[PATCH v5 03/18] ACPI: processor: Register deferred CPUs from acpi_processor_get_info()

Wed Apr 17 09:19:37 PDT 2024

On Wed, Apr 17, 2024 at 5:01 PM Salil Mehta <salil.mehta at huawei.com> wrote:
>
> HI Rafael,
>
> >  From: Rafael J. Wysocki <rafael at kernel.org>
> >  Sent: Monday, April 15, 2024 5:39 PM
> >
> >  On Mon, Apr 15, 2024 at 5:31 PM Salil Mehta <salil.mehta at huawei.com>  wrote:
> >  >
> >  > >  From: Rafael J. Wysocki <rafael at kernel.org>
> >  > >  Sent: Monday, April 15, 2024 1:51 PM
> >  > >
> >  > >  On Mon, Apr 15, 2024 at 1:51 PM Salil Mehta
> >  > > <salil.mehta at huawei.com>
> >  > >  wrote:
> >  > >  >
> >
> >  [cut]
> >
> >  > >  > >  Though virtualization happily jumped on it to hot add/remove
> >  > > CPUs  > > to/from  a guest.
> >  > >  > >
> >  > >  > >  There are limitations to this and we learned it the hard way
> >  > > on  > > X86. At the  end we came up with the following restrictions:
> >  > >  > >
> >  > >  > >      1) All possible CPUs have to be advertised at boot time via  firmware
> >  > >  > >         (ACPI/DT/whatever) independent of them being present at boot time
> >  > >  > >         or not.
> >  > >  > >
> >  > >  > >         That guarantees proper sizing and ensures that associations
> >  > >  > >         between hardware entities and software representations and the
> >  > >  > >         resulting topology are stable for the lifetime of a system.
> >  > >  > >
> >  > >  > >         It is really required to know the full topology of the system at
> >  > >  > >         boot time especially with hybrid CPUs where some of the cores
> >  > >  > >         have hyperthreading and the others do not.
> >  > >  > >
> >  > >  > >
> >  > >  > >      2) Hot add can only mark an already registered (possible) CPU
> >  > >  > >         present.
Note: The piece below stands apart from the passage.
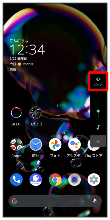 (バイブ)に変わり、マナーモード(バイブ)に設定されます。
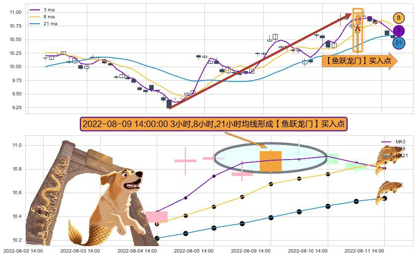 ⚀ 2022-08-09 14:00:00小时显现 3小时-8小时-21小时均线 【鱼跃龙门】买入点 看多信号,后市看涨,买入

Adding non-registered CPUs after boot is not possible.
> >  > >  > >
> >  > >  > >         The CPU must have been registered in #1 already to ensure that
> >  > >  > >         the system topology does not suddenly change in an incompatible
> >  > >  > >         way at run-time.
> >  > >  > >
> >  > >  > >  The same restriction would apply to real physical hotplug. I
> >  > > don't  > > think that's  any different for ARM64 or any other architecture.
> >  > >  >
> >  > >  >
> >  > >  > There is a difference:
> >  > >  >
> >  > >  > 1.   ARM arch does not allows for any processor to be NOT present. Hence,  because of
> >  > >  > this restriction any of its related per-cpu components must be
> >  > > present  > and enumerated at the boot time as well (exposed by
> >  > > firmware and  > ACPI). This means all the enumerated processors will
> >  > > be marked as  > 'present' but they might exist in NOT enabled (_STA.enabled=0) state.
> >  > >  >
> >  > >  > There was one clear difference and please correct me if I'm wrong
> >  > > > here,  for x86, the LAPIC associated with the x86 core can be brought online later even after boot?
> >  > >  >
> >  > >  > But for ARM Arch, processors and its corresponding per-cpu
> >  > > components  > like redistributors all need to be present and
> >  > > enumerated during the  > boot time. Redistributors are part of ALWAYS-ON power domain.
> >  > >
> >  > >  OK
> >  > >
> >  > >  So what exactly is the problem with this and what does
> >  > >  acpi_processor_add() have to do with it?
> >  >
> >  >
> >  > For ARM Arch, during boot time, it should add processor as if no
> >  > hotplug exists. But later, in context to the (fake) hotplug trigger
> >  > from the virtualizer as a result of the CPU (un)plug action  it should just
> >  end up in registering the already present CPU with the Linux Driver Model.
> >
> >  So let me repeat this last time: acpi_processor_add() cannot do that,
> >  because (as defined today) it rejects CPUs with the "enabled" bit clear in  _STA.
>
>
> I understand that now because you have placed a check recently. sorry for stretching
> it a bit but I wanted to clearly understand the reason for this behavior. Is it because,
>
> 1. It does not makes sense to add a disabled but present/functional processor or
>     perhaps there are repercussions to support such a behavior?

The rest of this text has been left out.